The interest in our webinar, “An evidence-based approach to oncology patients during the COVID-19” was so tremendous that we have decided to post a series of related articles to help further the discussion. We at NantHealth will try to provide as much clarity about COVID-19 as possible, and this ongoing blog gives us a unique opportunity to delve into more in-depth answers to questions we received as a follow-up to the webinar.
Today, I will provide more background about the basic science of the virus – to provide everyone with a foundation to build on as we discuss prevention and treatment strategies in future blogs. Let’s get started with the official name of the virus: SARS-COV2, or Severe Acute Respiratory Syndrome Coronavirus 2, and is believed to have originated as a bat coronavirus that has crossed over into humans. It is a single-stranded RNA virus (as opposed to double-stranded DNA). Other single-stranded RNA (ssRNA) viruses that are well known include hepatitis virus C, West Nile virus, dengue virus, SARS and MERS coronaviruses, and rhinovirus (the virus that causes the common cold).
Unlike bacteria, these viruses are technically not alive. They instead hijack the host cell, and their genetic material can function both as a genome and as messenger RNA (it can be directly translated into protein). The coronavirus genome encodes four major structural proteins: the spike (S) protein, nucleocapsid (N) protein, membrane (M) protein, and the envelope (E) protein. The virus then replicates itself many times and can be released to infect new cells and new hosts. One particular protein is the spike protein, or S-protein, which sticks out and forms the crown that is seen on electron microscopy, which gives it the name coronavirus (corona = crown).
The entry receptor utilized by SARS-CoV is Angiotensin-Converting Enzyme 2 (ACE2), which means that the virus must bind to this protein on the host cell in order to gain entry and cause infection. ACE2 is similar to ACE, an enzyme long-known to be a key player in the Renin-Angiotensin system (RAS) and a target for the treatment of hypertension. It is mainly expressed in the lung, heart, and kidney, where ACE-2 has also been shown to exhibit a protective function in the cardiovascular system and other organs.
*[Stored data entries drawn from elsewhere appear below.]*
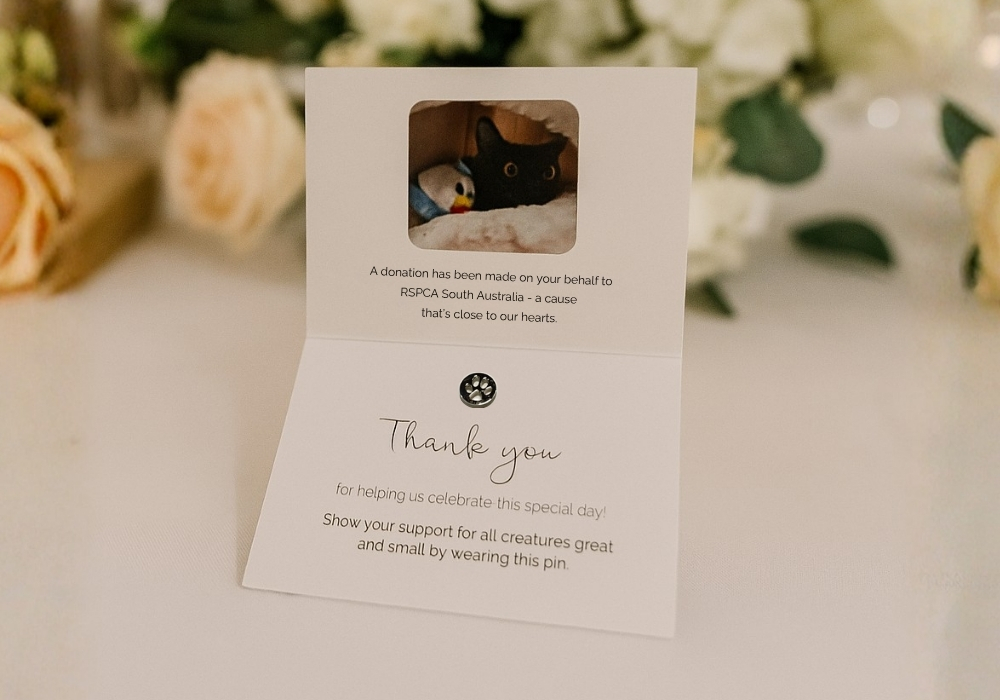 Make your wedding day even more memorable by supporting RSPCA South Australia. With a heartfelt contribution, you’ll receive customised wedding favours that reflect your commitment to animal welfare and show your guests what truly matters to you.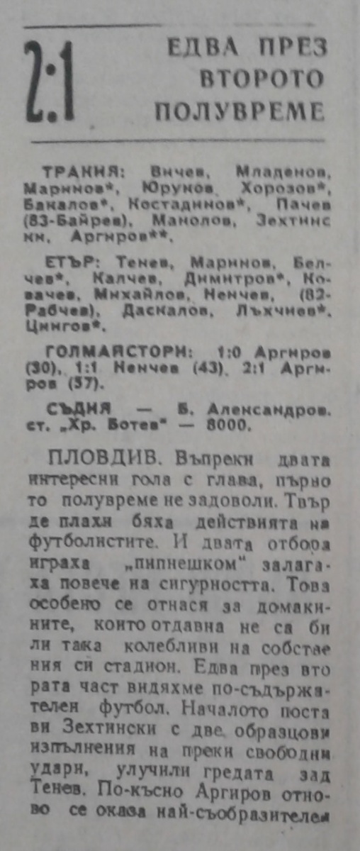 «Тракия» Пловдив - «Этыр» Велико-Тырново - 2:1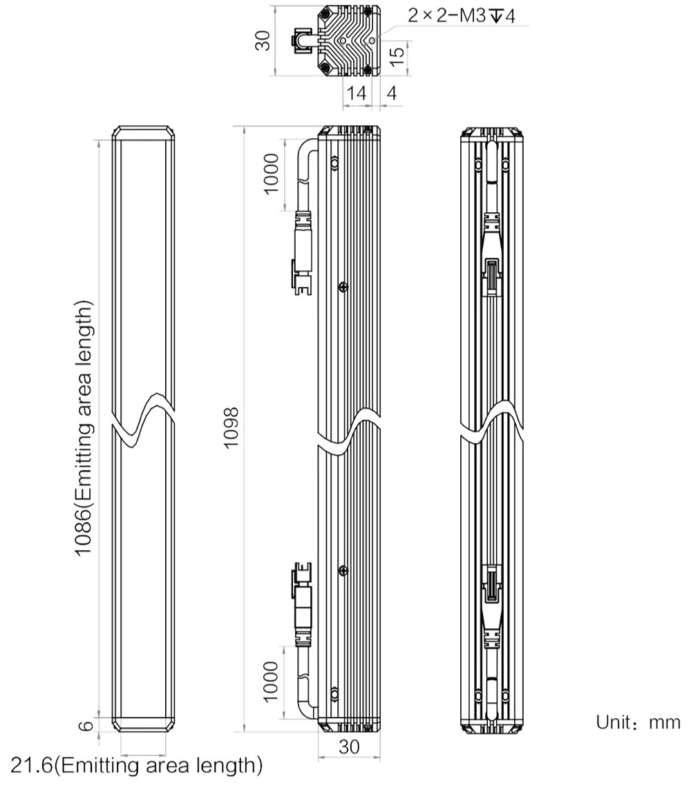 Mechanische Spezifikationen des MV-LLDS-H-1200-30-IR940: Abmessungen: 1098 mm × 30 mm × 30 mm | Abstrahlflächenabmessungen: 1086 mm × 21.6 mm | LED-Reihen: 4 | Gewicht: 1.92 kg. Diffusionsplatte (PMMA) inklusive für gleichmäßigere Lichtverteilung. Die 4-reihige LED-Anordnung sorgt für besonders hohe und gleichmäßige Leuchtdichte über das gesamte Abstrahlfeld.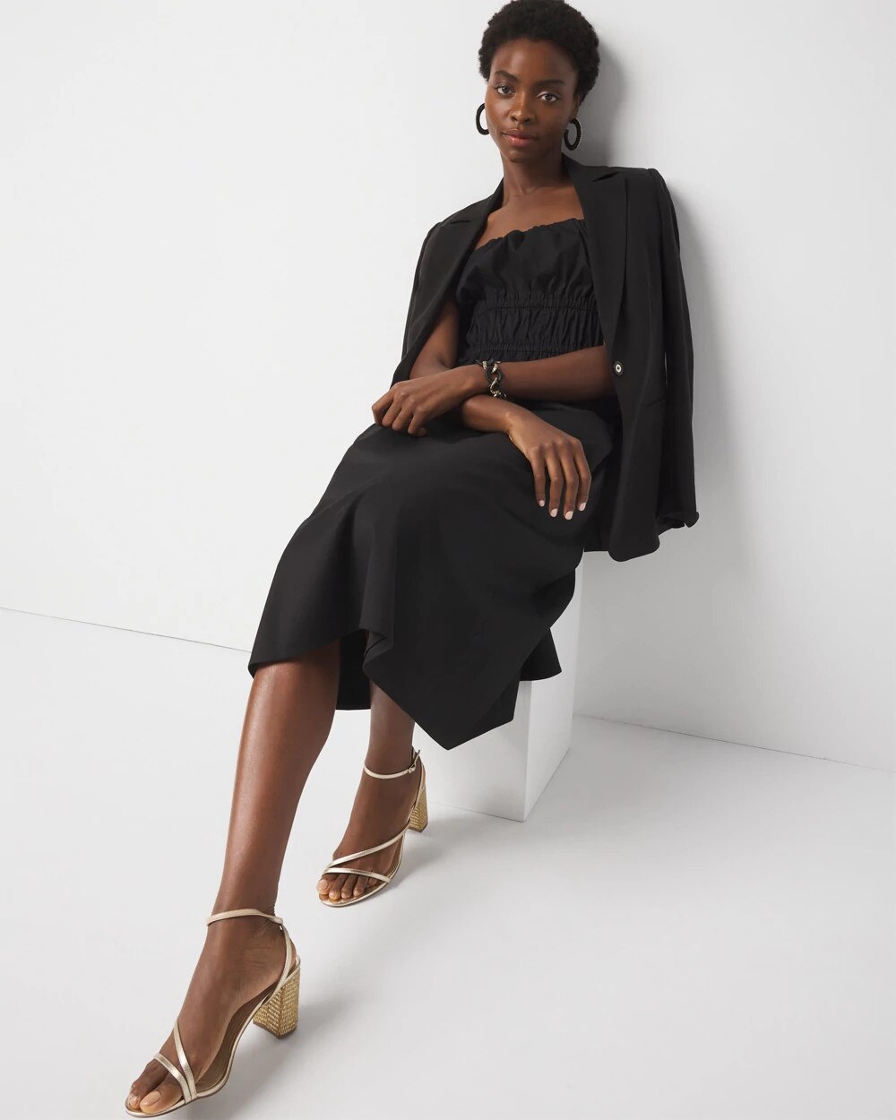 We designed this fit and flare midi dress from cotton-blend poplin and added smocking at the back and an adjustable tie. An easy summer dress for any occasion.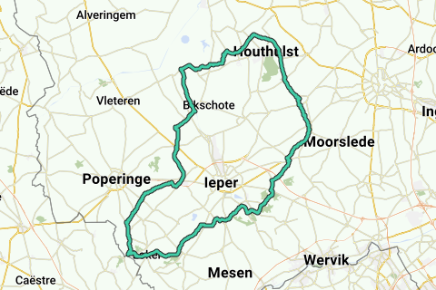 Diese Route beginnt und endet in: Heulegoedstraat, 8650 Houthulst. Gesamter Anstieg: 298 m. Eine schöne Herausforderung für diejenigen, die vor ein wenig Milchsäure keine Angst haben.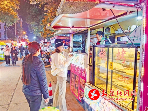 暮色起,華燈上。位于縣城河街美食、建設路夜市步行街里人潮涌動,商家的吆喝聲、食客的談笑聲……融匯成夜間的熱鬧景象。不少市民和游客在這里尋味美食,有的駐足在攤位前交談、有的在品嘗美食、有的掃碼付款,在味蕾與煙火氣的碰撞之中感受著縣城的年味。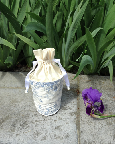 Au jardin les iris ont éclos. Et ça sent bon ! Une ambiance romantique à souhait pour une nouvelle pochette en toile de Jouy.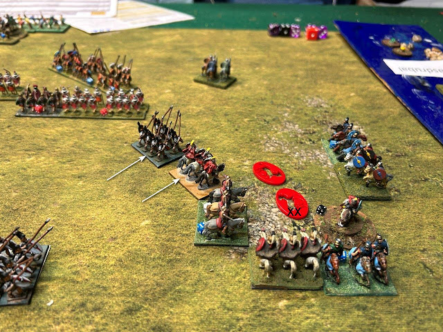 | One Numidian light horse (blue die) has leaked through the lines. Two Triarii turn to challenge it. |

Typically, in response to low blood pressure, the kidney will secrete renin into the blood circulation. Renin then converts angiotensinogen (produced by the liver) into angiotensin 1. ACE (mostly in the lung) converts Angiotensin 1 into Angiotensin 2. ACE2 receptors bind the ACE2, which then stimulates blood vessels to constrict, causing the blood pressure to increase. Angiotensin 2 also stimulates the release of aldosterone from the adrenal gland. Aldosterone stimulates the kidneys to increase sodium retention, water retention, and potassium loss. This increases blood pressure as well. This is why these are good targets for drugs to decrease blood pressure.
In SARS-CoV2 infection, the ACE2 is grabbed by the virus spike protein, and clinical cases have been associated with low potassium. It is unknown whether ACE inhibitors (drugs like captopril, benazepril, enalapril, lisinopril, etc.) might increase the risk or severity of SARS-CoV2. Still, the theoretical mechanism is that ACE inhibitors decrease the amount of Angiotensin 2 in the circulation and so the body compensates by increasing the amount of ACE2 receptors. In the lung, this could create a good environment for the virus with high amounts of the receptor for the spike protein and low amounts of the angiotensin to compete with the spike protein for receptor binding.
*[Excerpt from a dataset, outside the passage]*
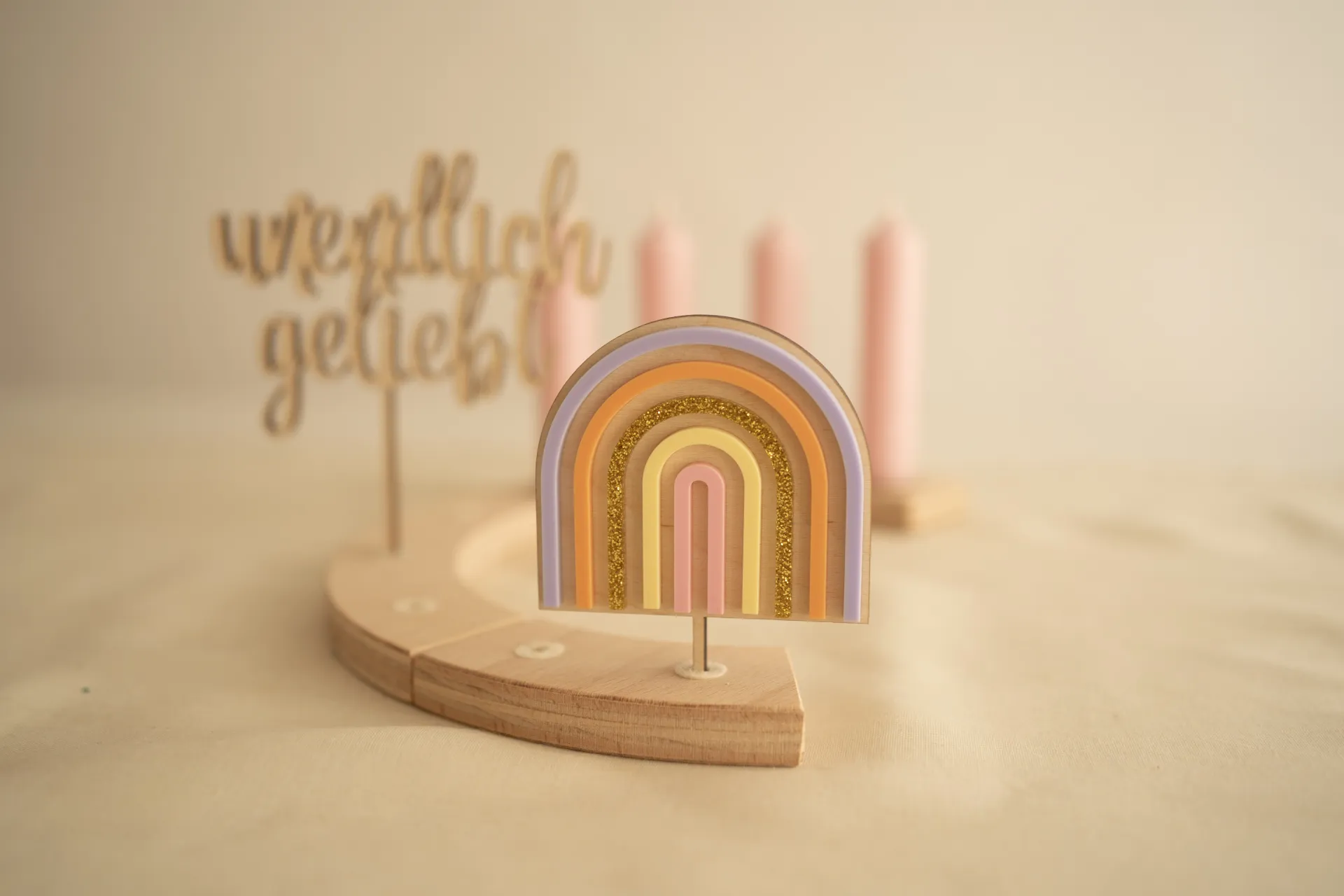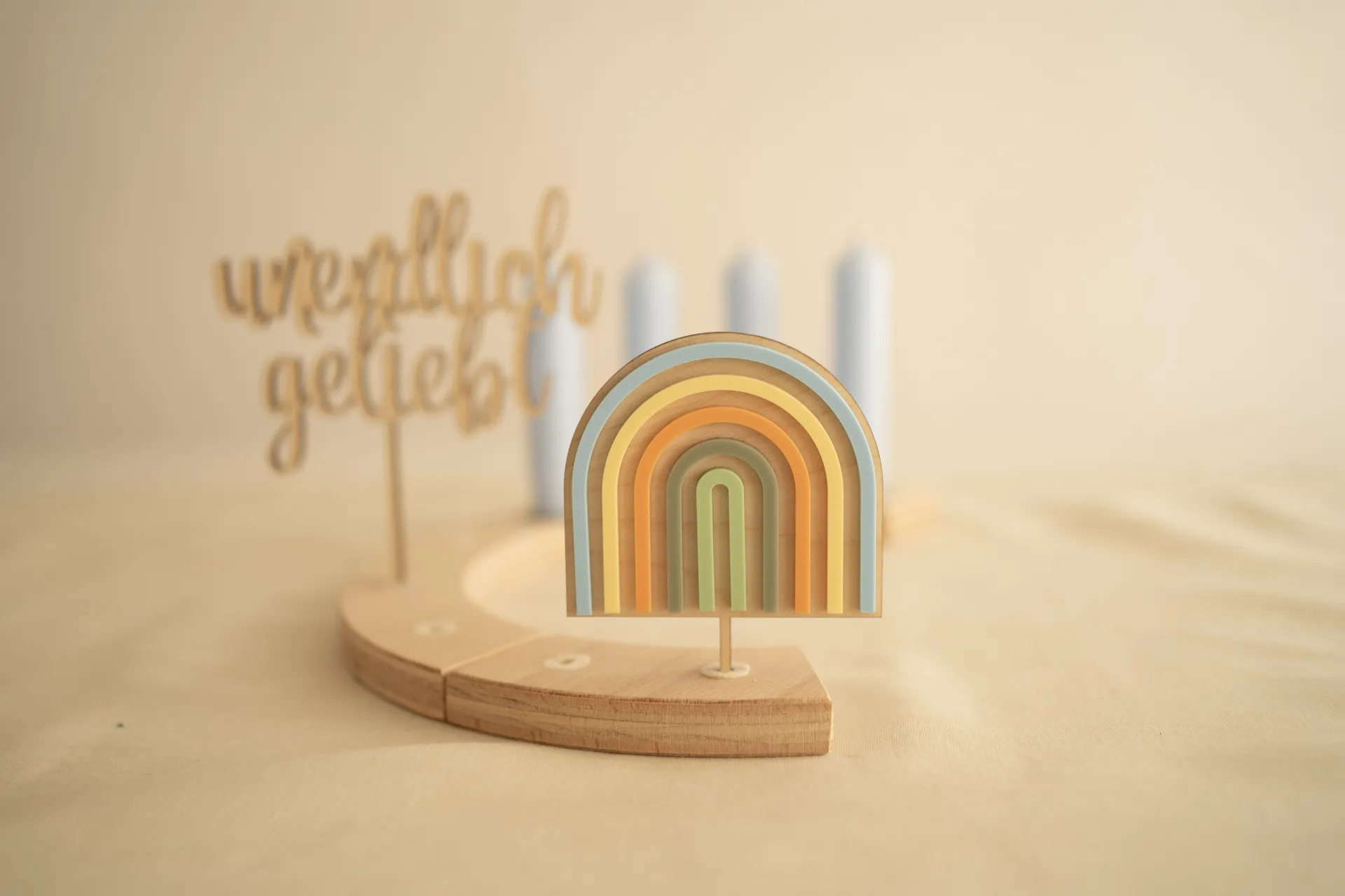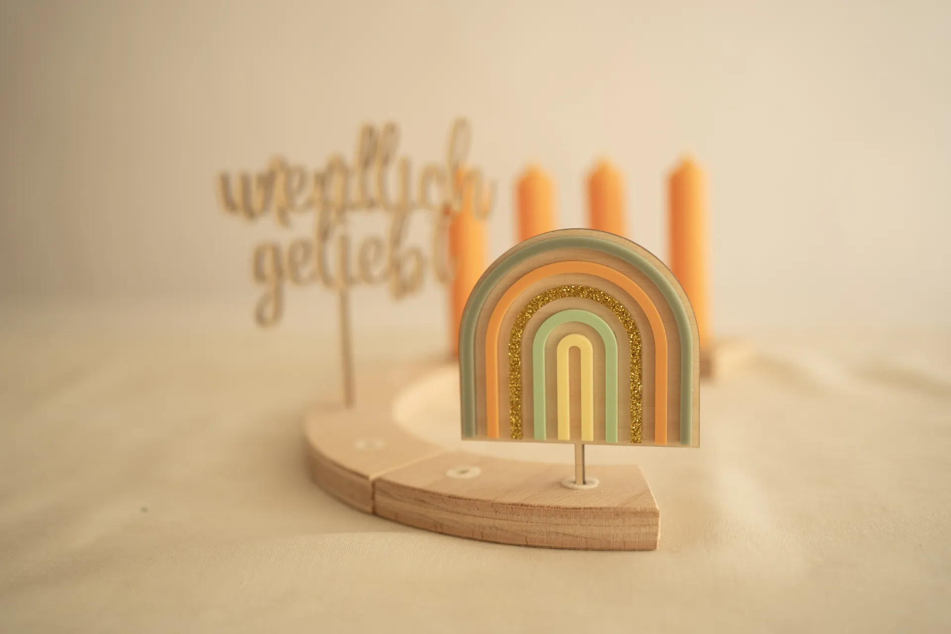 Unser 3D Regenbogen aus Holz und Acryl ist ein echtes Highlight auf deinem Geburtstagstisch. Durch die Kombination aus natürlichem Holz und farbigem Acryl entsteht eine besondere Tiefe, die sofort ins Auge fällt. Der Regenbogen bringt moderne Leichtigkeit in deine Dekoration und passt perfekt in jedes Geburtstags-Setup.

Another class of drugs, Angiotensin Receptor Blockers (ARBs) may theoretically be beneficial through tissue-protective effects of these drugs and lower ACE2 expression. A joint statement from the American College of Cardiology (ACC), American Heart Association and Heart Failure Society of America was posted online on March 17 and basically states that patients should consult their physician regarding these medications given the lack of trial data and experience with the virus.
The take-home point is that if another drug is available to treat hypertension, then probably during the current pandemic, it would be best to stay away from the ACE inhibitor category. The ARB category is likely safe and may even be helpful, but we just don’t know enough yet. In our next blog post, we will look more closely at viral replication and treatment strategies aimed at this mechanism.